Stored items
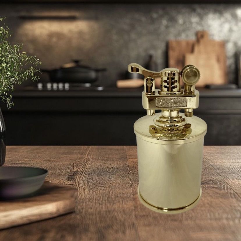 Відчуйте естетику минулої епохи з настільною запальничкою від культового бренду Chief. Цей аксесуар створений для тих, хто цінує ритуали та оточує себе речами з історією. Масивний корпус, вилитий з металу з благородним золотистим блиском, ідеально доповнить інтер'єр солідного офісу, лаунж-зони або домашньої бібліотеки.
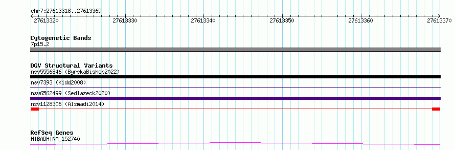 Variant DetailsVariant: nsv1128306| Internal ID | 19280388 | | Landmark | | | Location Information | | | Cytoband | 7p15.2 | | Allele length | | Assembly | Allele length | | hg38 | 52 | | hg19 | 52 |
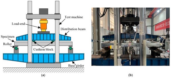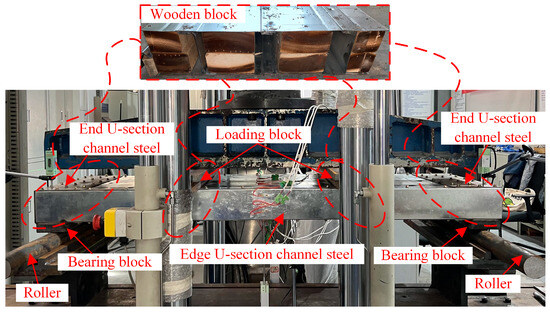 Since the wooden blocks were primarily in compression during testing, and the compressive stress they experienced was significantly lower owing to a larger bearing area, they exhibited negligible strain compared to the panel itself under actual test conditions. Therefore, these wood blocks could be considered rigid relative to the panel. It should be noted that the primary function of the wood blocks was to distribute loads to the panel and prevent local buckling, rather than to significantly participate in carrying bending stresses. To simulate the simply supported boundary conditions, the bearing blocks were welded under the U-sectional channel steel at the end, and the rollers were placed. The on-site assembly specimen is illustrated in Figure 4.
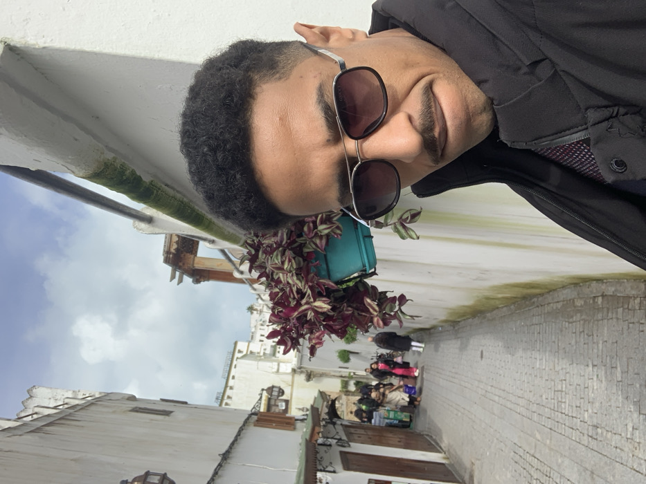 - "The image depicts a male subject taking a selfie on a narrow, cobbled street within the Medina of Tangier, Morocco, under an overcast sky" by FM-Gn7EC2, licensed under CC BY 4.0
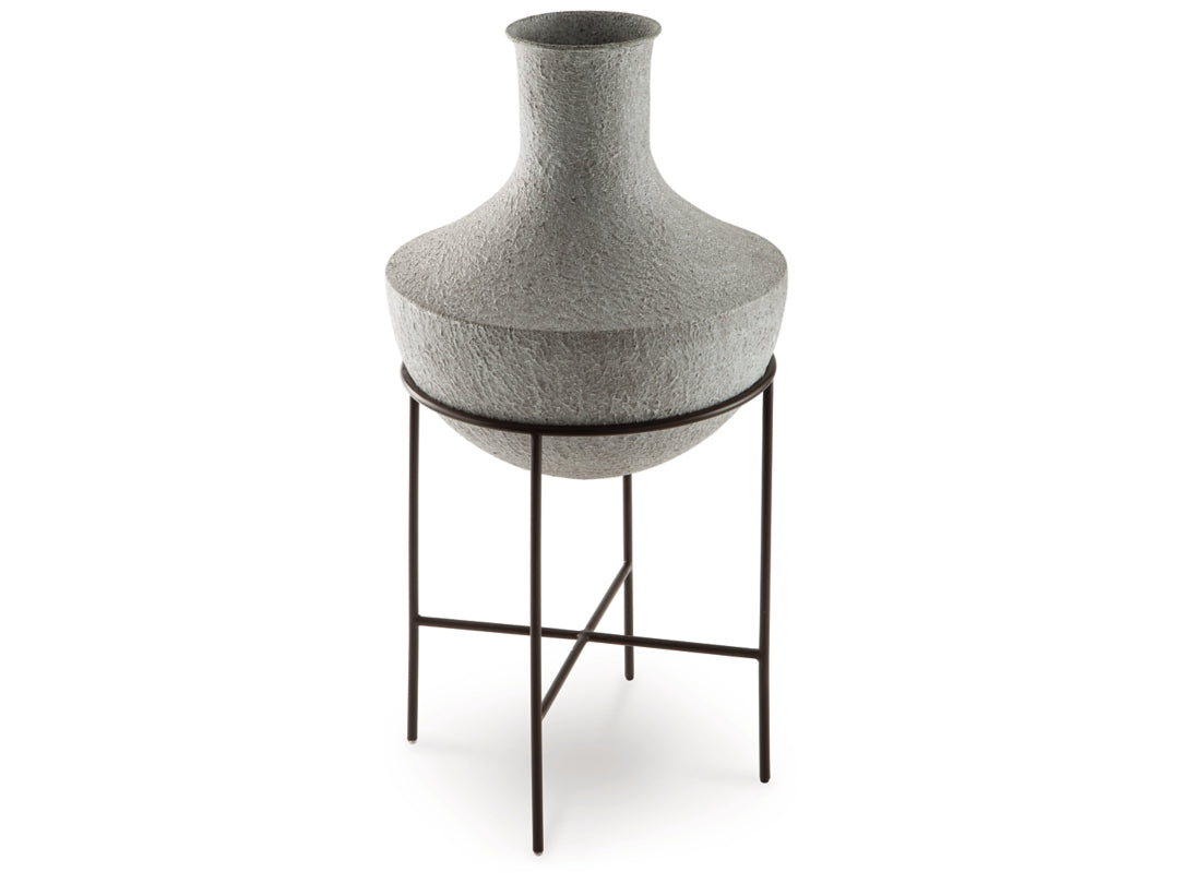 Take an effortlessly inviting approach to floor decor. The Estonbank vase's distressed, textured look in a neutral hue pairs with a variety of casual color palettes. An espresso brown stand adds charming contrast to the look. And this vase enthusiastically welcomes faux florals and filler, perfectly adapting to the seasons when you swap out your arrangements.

■ **THE TASK**:
For this exercise, return the records above in full and exactly, omitting the images.

■ **TASK ANSWER**:
 Відчуйте естетику минулої епохи з настільною запальничкою від культового бренду Chief. Цей аксесуар створений для тих, хто цінує ритуали та оточує себе речами з історією. Масивний корпус, вилитий з металу з благородним золотистим блиском, ідеально доповнить інтер'єр солідного офісу, лаунж-зони або домашньої бібліотеки.
 Variant DetailsVariant: nsv1128306| Internal ID | 19280388 | | Landmark | | | Location Information | | | Cytoband | 7p15.2 | | Allele length | | Assembly | Allele length | | hg38 | 52 | | hg19 | 52 |
 Since the wooden blocks were primarily in compression during testing, and the compressive stress they experienced was significantly lower owing to a larger bearing area, they exhibited negligible strain compared to the panel itself under actual test conditions. Therefore, these wood blocks could be considered rigid relative to the panel. It should be noted that the primary function of the wood blocks was to distribute loads to the panel and prevent local buckling, rather than to significantly participate in carrying bending stresses. To simulate the simply supported boundary conditions, the bearing blocks were welded under the U-sectional channel steel at the end, and the rollers were placed. The on-site assembly specimen is illustrated in Figure 4.
 - "The image depicts a male subject taking a selfie on a narrow, cobbled street within the Medina of Tangier, Morocco, under an overcast sky" by FM-Gn7EC2, licensed under CC BY 4.0
 Take an effortlessly inviting approach to floor decor. The Estonbank vase's distressed, textured look in a neutral hue pairs with a variety of casual color palettes. An espresso brown stand adds charming contrast to the look. And this vase enthusiastically welcomes faux florals and filler, perfectly adapting to the seasons when you swap out your arrangements.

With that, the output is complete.